Dans l'émotion cruelle qui l'envahit lorsqu'elle se vit à genoux, aux pieds du roi, mêlée à ces humbles femmes, Angélique se sentit comme aveugle et paralysée. Elle ne voyait plus que le roi.

Plus tard, lorsqu'elle se retrouva hors de l'appartement avec ses compagnes, on lui dit que la reine mère avait été présente, ainsi que Madame d'Orléans et Mlle de Montpensier, le duc d'Enghien, fils du prince de Condé, et nombre de jeunes gens et jeunes filles de leurs maisons.

Elle n'avait rien vu, sauf le roi qui souriait, debout sur les degrés du grand lit de la reine. Elle avait eu très peur. Il ne ressemblait pas au jeune homme qui l'avait reçue aux Tuileries et qu'elle avait eu tellement envie de secouer par son jabot. Ce jour-là, ils avaient été, l'un en face de l'autre, comme deux êtres de force égale et qui se battaient farouchement, sûrs, chacun, de mériter la victoire.

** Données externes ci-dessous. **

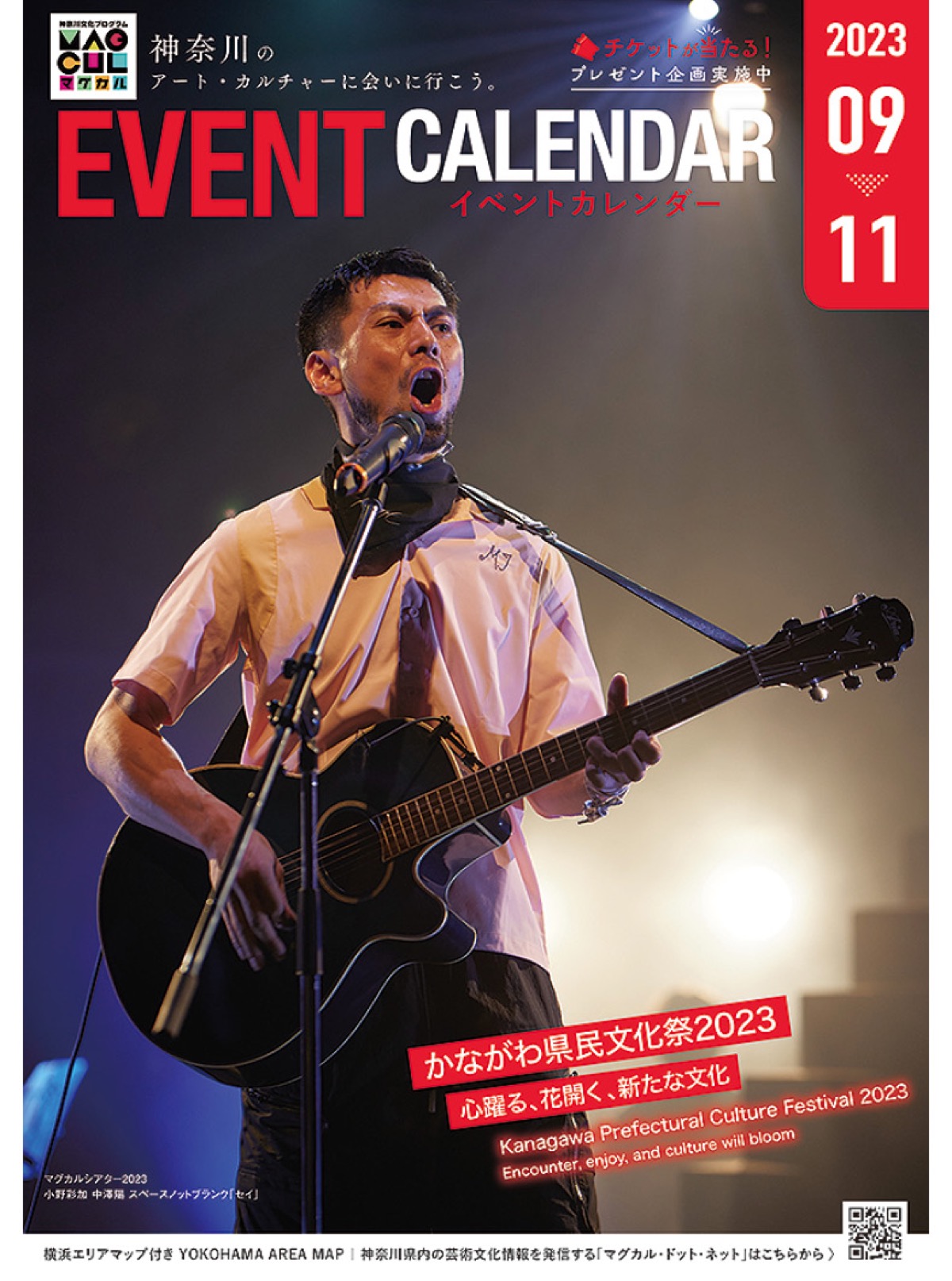 文化芸術の魅力で人を引きつけ、地域のにぎわいをつくり出すマグネット・カルチャー(マグカル)の取組みを推進している県が発行する冊子で、毎号、県内文化施設の公演や展示情報などがカレンダー形式で紹介されている。今号では、9月から県内各地で行われる「かながわ県民文化祭2023」を特集。県、各市町村で開催される主なプログラムを紹介している。また、アンケートに答えてチケットやカレンダーが当たるプレゼント企画も実施している。

Quelle folie ! Comment n'avait-elle pas compris tout de suite que, sous des dehors d'une sensibilité encore vulnérable, il y avait en ce souverain un caractère entier qui, de sa vie, n'admettrait jamais la moindre atteinte à son autorité ! Dès le début, c'était le roi qui devait triompher et elle, Angélique, pour l'avoir méconnu, avait été brisée comme un fétu.

Maintenant, elle suivait le groupe des apprenties qui se dirigeaient vers les communs pour gagner la sortie du palais. Les dames-jurées des corporations restaient pour assister à un grand festin, mais les apprenties n'avaient pas droit à ces agapes.. Comme elle traversait les offices où pièces montées et viandes amoncelées attendaient d'être portées dans les salles, Angélique entendit siffler derrière elle : un coup long, deux brefs. Elle reconnut le signal de la bande de Calembredaine, et crut rêver. Ici, au Louvre ?... Elle se retourna. Dans l'entrebâillement d'une porte, une petite silhouette projetait son ombre sur le dallage.

– Barcarole !

Elle courut vers lui dans un élan de joie sincère. Le nain se gonflait, digne et fier.

– Entrez, ma frangine. Entrez, ma très chère marquise. Venez, nous allons bavarder un peu.

Elle rit.

– Oh ! Barcarole, que tu es beau ! Et comme tu parles bien.

– Je suis le nain de la reine, dit Barcarole plein de suffisance.

Il l'introduisit dans une sorte de petit parloir et lui fit admirer son justaucorps de satin mi-partie orange et mi-partie jaune, serré par une ceinture garnie de grelots. Il se lança ensuite dans une série de cabrioles, pour qu'elle pût apprécier l'effet de toutes ses sonnailles. Avec ses cheveux coupés sur la nuque, au ras de la vaste fraise godronnée, et son agréable visage soigneusement rasé, le nain paraissait heureux et dispos. Angélique lui dit qu'elle le trouvait rajeuni.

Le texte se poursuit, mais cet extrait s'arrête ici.